## Exercise goal
Drop every picture, then print the rest of the listing exactly as given.

## Supplied material
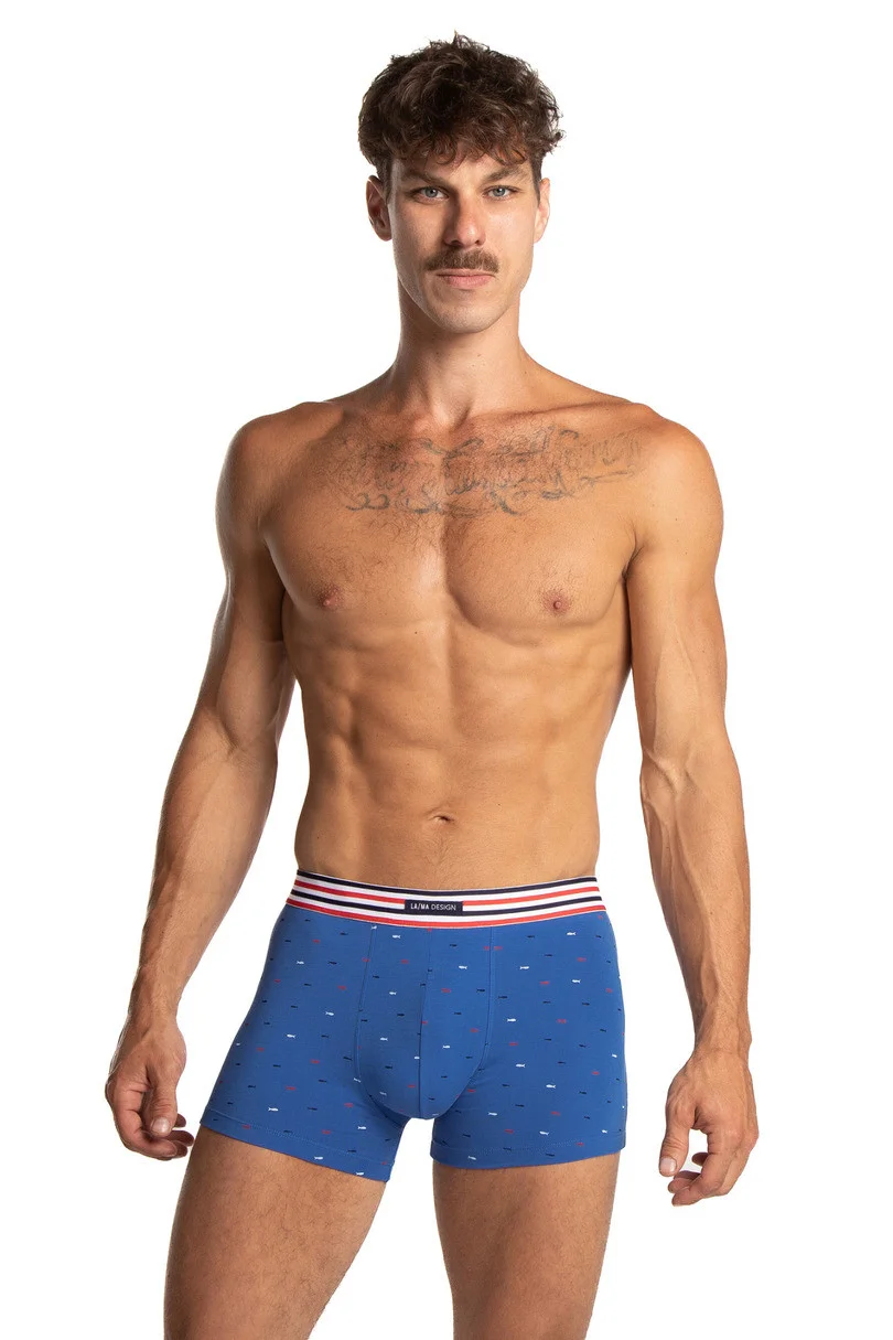 LAMA M-1066 sú pánske boxerky, ktoré spájajú klasiku s moderným športovým vzhľadom. Sú vyrobené z vysokokvalitného úpletu - 95 % bavlny a 5 % elastanu - a ponúkajú vynikajúcu pružnosť, priedušnosť a odolnosť. Materiál sa dokonale prispôsobí telu a ploché švy eliminujú riziko podráždenia. Výrazný pás s logom "LAMA DESIGN" a trojfarebným lemovaním dodáva spodnej bielizni charakter. Elastický pás udržiava boxerky na mieste bez tlaku, čo zaručuje pohodlie počas celého dňa - v práci aj pri fyzickej aktivite.
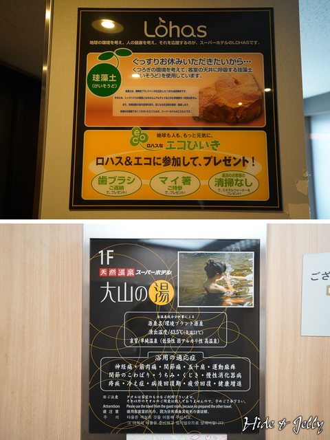 電梯中說明了飯店天花板都有使用會吸收濕氣與異味的珪藻土,還有招牌溫泉大浴場所使
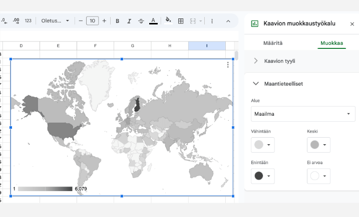 Kopioin maakohtaisen taulukon ja muokkausten jälkeen sijoitin kaksi saraketta Google Sheetsiin. Lisäsin kaavion ja Määritä välilehdeltä valitsin Kartta.

## The completed task
 LAMA M-1066 sú pánske boxerky, ktoré spájajú klasiku s moderným športovým vzhľadom. Sú vyrobené z vysokokvalitného úpletu - 95 % bavlny a 5 % elastanu - a ponúkajú vynikajúcu pružnosť, priedušnosť a odolnosť. Materiál sa dokonale prispôsobí telu a ploché švy eliminujú riziko podráždenia. Výrazný pás s logom "LAMA DESIGN" a trojfarebným lemovaním dodáva spodnej bielizni charakter. Elastický pás udržiava boxerky na mieste bez tlaku, čo zaručuje pohodlie počas celého dňa - v práci aj pri fyzickej aktivite.
 電梯中說明了飯店天花板都有使用會吸收濕氣與異味的珪藻土,還有招牌溫泉大浴場所使
 Kopioin maakohtaisen taulukon ja muokkausten jälkeen sijoitin kaksi saraketta Google Sheetsiin. Lisäsin kaavion ja Määritä välilehdeltä valitsin Kartta.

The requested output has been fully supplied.